Perhaps sqlite-vss? It adds vector searches to sqlite.

https://github.com/asg017/sqlite-vss

chuckhend · 2024-04-18T14:00:55 1713448855

check out https://github.com/tembo-io/pg_vectorize - we're taking it a little bit beyond just the storage and index. The project uses pgvector for the indices and distance operators, but also adds a simpler API, hooks into pre-trained embedding models, and helps you keep embeddings updated as data changes/grows

alexgarcia-xyz · 2024-04-17T20:10:35 1713384635

Re storing vectors in BLOB columns: ya, if it's not a lot of data and it's fast enough for you, then there's no problem doing it like that. I'd even just store then in JSON/npy files first and see how long you can get away with it. Once that gets too slow, then try SQLite/redis/valkey, and when that gets too slow, look into pgvector or other vector database solutions.

For SQLite specifically, very large BLOB columns might effect query performance, especially for large embeddings. For example, a 1536-dimension vector from OpenAI would take 1536 * 4 = 6144 bytes of space, if stored in a compact BLOB format.
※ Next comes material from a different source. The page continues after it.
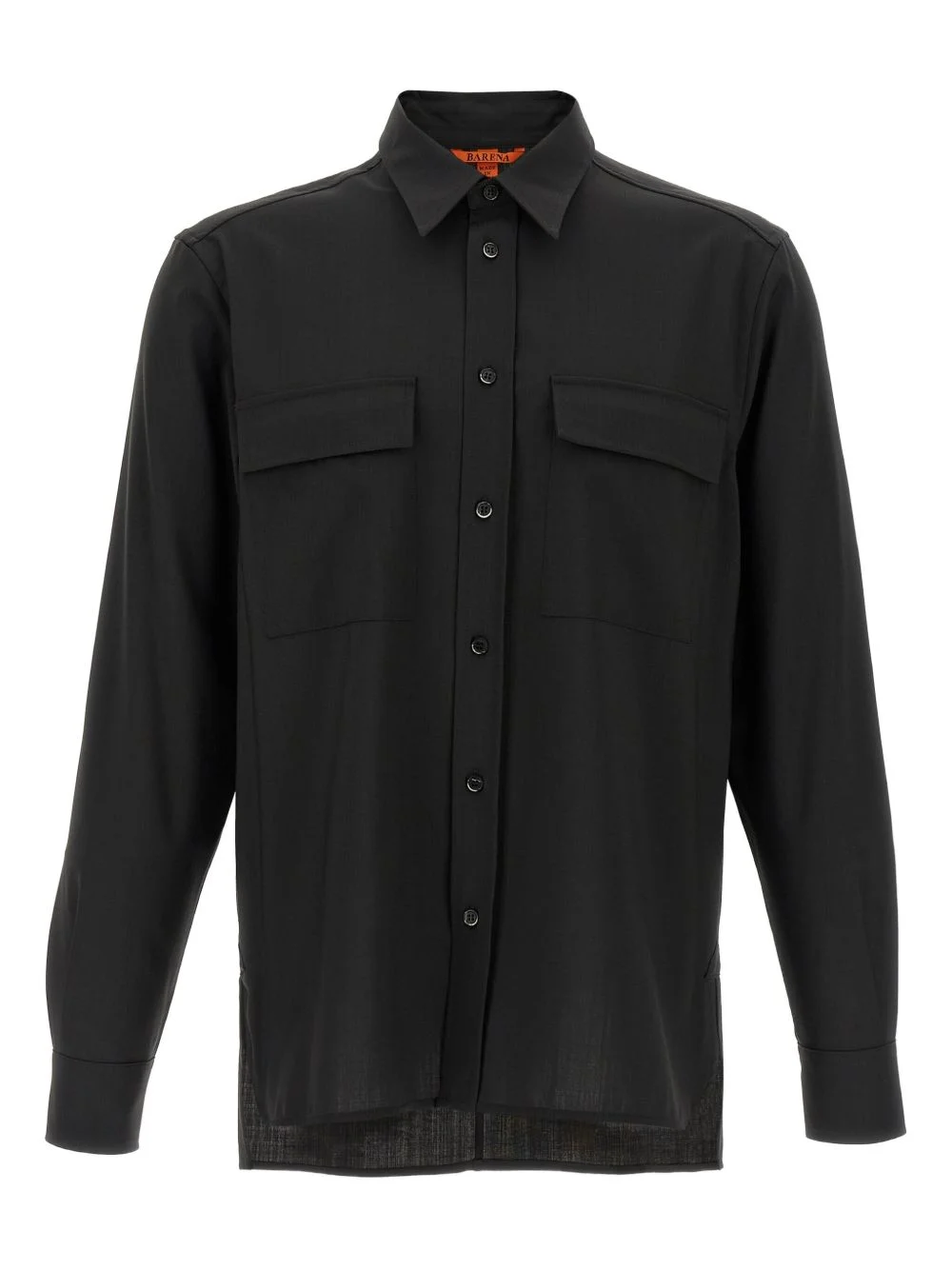 pocketed cuffed-sleeve shirt Highlights - Black - Long cuffed sleeves - Button closure - Front pockets - Side slits Made in Italy Composition Virgin Wool 100% Washing instructions Read Manufacturer Guidelines

That's larger than SQLite default page size of 4096, so that extra data will overflow into overflow pages. Which again, isn't too big of a deal, but if the original table had small values before, then table scans can be slower.

One solution is to move it to a separate table, ex on an original `users` table, you can make a new `CREATE TABLE users_embeddings(user_id, embedding)` table and just LEFT JOIN that when you need it. Or you can use new techniques like Matryoshka embeddings[0] or scalar/binary quantization[1] to reduce the size of individual vectors, at the cost of lower accuracy. Or you can bump the page size of your SQLite database with `PRAGMA page_size=8192`.
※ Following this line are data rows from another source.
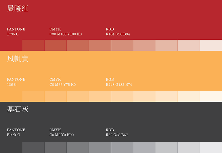 专色(PANTONE):在平面印刷中无需必须使用,依据具体材质工艺而定,色彩以铜板纸四色印刷色彩为准。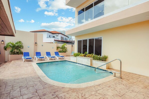 Step outside to a sparkling pool with lounge chairs, where you can soak up the Aruban Caribbean sun, take a refreshing swim, and unwind in a tranquil retreat that perfectly blends style and relaxation.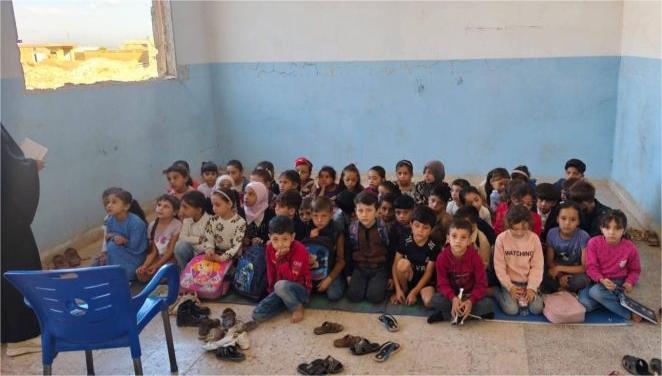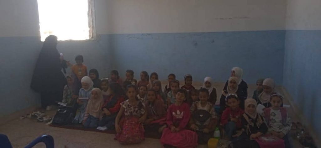 المدرسة بلا مقاعد أو أبواب أو نوافذ لا تتوفر في المدرسة مقاعد لجلوس التلاميذ ولا سبورات للكتابة عليها ولا أبواب أو نوافذ تحمي من برد الشتاء ولا حتى دورات مياه مناسبة. و بالإمكانيات المتاحة أحضر المعلمون أنصاف سبورات وبعض البطانيات ليجلس عليها الطلاب كما يجلب كل معلم كرسيه الشخصي يومياً إلى المدرسة ليأخذوه معه عند الانصراف كل ذلك بهدف إنقاذ مستقبل أكثر من 230 تلميذ/ة من الصف الأول حتى السادس.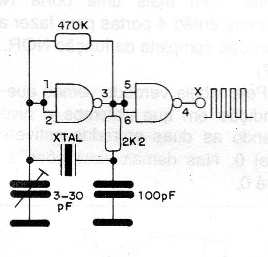 Un oscilador controlado por cristal de cuarzo, capaz de operar hasta 1 MHz aproximadamente, puede ser logrado con dos de las 4 puertas NAND del 4011, como muestra la figura. El trimmer permite ajustar el punto de oscilación y hasta desviar ligeramente la frecuencia de la señal.

I also have a SQLite extension for vector search[2], but there's a number of usability/ergonomic issues with it. I'm making a new one that I hope to release soon, which will hopefully be a great middle ground between "store vectors in a .npy files" and "use pgvector".

Re "do embeddings ever expire": nope! As long as you have access to the same model, the same text input should give the same embedding output. It's not like LLMs that have temperatures/meta prompts/a million other dials that make outputs non-deterministic, most embedding models should be deterministic and should work forever.

[0] https://huggingface.co/blog/matryoshka

[1] https://huggingface.co/blog/embedding-quantization

[2] https://github.com/asg017/sqlite-vss

crowcroft · 2024-04-17T20:27:28 1713385648

This is very useful appreciate the insight. Storing embeddings in a table and joining when needed feels like a really nice solution for what I'm trying to do.

simonw · 2024-04-17T23:13:32 1713395612

I store them as blobs in SQLite. It works fine - depending on the model they take up 1-2KB each.